I had heard that often babies can get used to noises from inside the womb. So maybe she just got used to the sound of your toddler early on? Did lo startle much while u were pregnant? The newborn test is pretty sensitive so its likely everything is fine but your definitely best to check just in case


----------



## zanDark

My little girl was like this as well as a newborn...never got startled with noises etc. At two months old she started jumping a bit when she heard a sudden loud noise and now she even whines a bit for me to cuddle her if she gets scared. 

She doesn't react to our dog barking at all though, and I do believe that she was probably used to hearing him yap while she was in the womb :flower:

I wouldn't be too worried about it...if she passed her hearing screening then I'm sure it's all fine and speaking to her doctor will give you some peace of mind :hugs:


----------



## halullat

Also to add, I lived with my husband with nothing else to make sudden noises when pregnant so it could well be that my LO was just not prepared for them.


----------



## CT125

Thanks ladies, no she didn't startle in the womb, and was born normal delivery. I'm hoping its something straight forward. There was some reaction to clapping today, she blinked a little each time oh clapped loudly near her, but nothing to clicking of fingers, whistling, the smoke alarm went off when I was making dinner, nothing. I've seen her startle without noise, so I know she can startle. I've the mw coming out tomorrow anyway so I will hopefully get some info then x


----------



## Willow01

It's hopefully nothing hun but please let us know how you get onx


----------



## Glitter_berry

Please don't stress. My baby failed his hearing test and they told me it was probable that he was deaf. 

A whole heap of specialists and months if waiting, he had a lot of ear wax. 

His hearing is 100%. 

If she passed her hearing test, I'm sure she is fine.


----------



## Mummy Bean

Doug was the same never startled to our nosiey toddler or mad dog. He missed the newborn hearing in the hospital and when we went back he failed it, so had it done twice more again fail at this point started getting panicky, even banged frying pans next to him and didnt even blink, so went back a 3rd time at 9weeks for an indepth hearing test and passed with flying colours. The lady said there was no real reason for it, just often they get used to the sounds in the womb so it dont affect them. Also as it been chilly and he was wearing a hat it can cause sweat to build up in the ear muffling sounds. As Doug got bigger you can deff notice he startles more, and gets woken more easily. 

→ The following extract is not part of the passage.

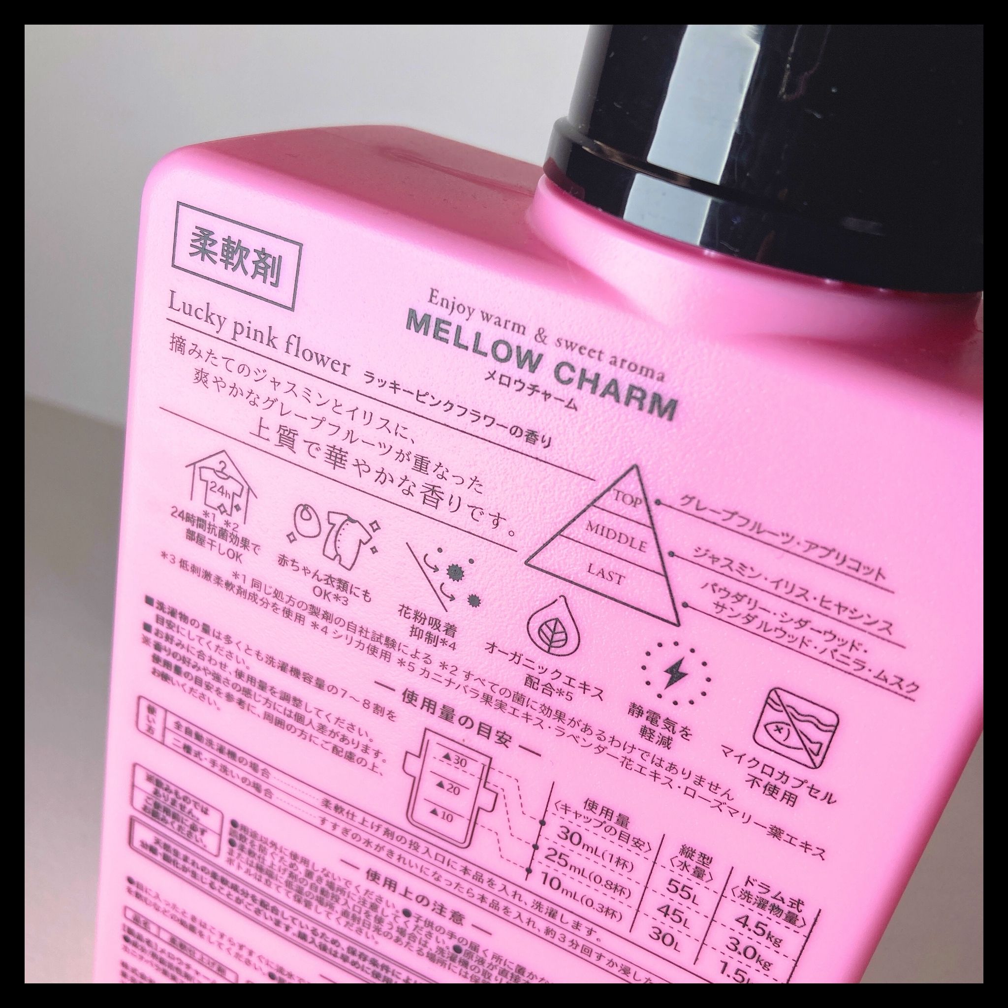 商品詳細情報MELLOW CHARM 柔軟剤ラッキーピンクフラワーの香り

So I would say dont worry, but if your really concerned no harm in asking HV or doc.


----------



## Clo

My lo was the same and I was really worried, even though he passed the hearing test but I think he was just used to hearing his noisy brother from inside the womb as now he is 16 weeks and will jump and cry at a really loud noise, though still doesn't really react to his brother shouting and banging about lol x


----------



## CT125

Thank you everyone. I spoke to my mw about it and hey said even of there was a problem, it wouldn't be investigated until she was older. Luckily, well maybe that's the wrong term but anyway, she's developed a horrible cold the last 3 days and lo and behold, she started startling to noise! I can only guess that she had it in her ears first, or something, (is that even possible) and now it's shifted to her nose. Poor little mite is only 2 weeks old today :( she's having to work really hard to breathe but at least it hasnt gone onto her chest so far. X


----------



## A1983

I know this is an old post but mummy bean and glitter in particular have given me hope. My 3 week old has failed the 2 probe hearing tests in just his left ear and today failed again in the left ear with the abr test (little pads on head)...He is quite conjested and also has conjunctivitis so I'm praying that's why he is not responding to the tests. He has an appointment next week which will distinguish the reason for the no responses which I'm very nervous about. I have been clapping hands/banging saucepans/even encouraging my toddler to make 'loud monster noises' and he startles or at least moves/eyes flicker 70% of the time - sometimes he may be in too deep a sleep. Anyway I'm waffling now but maybe others will reply too in similar situations


----------



## SurpriseBub

Deleted- I didn't realise this was an old thread! 

Wishing you lots of luck :flower: I'm sure someone with experience will be along shortly.


----------



## _Meep_

Deleted too - I didn't realise it was old either!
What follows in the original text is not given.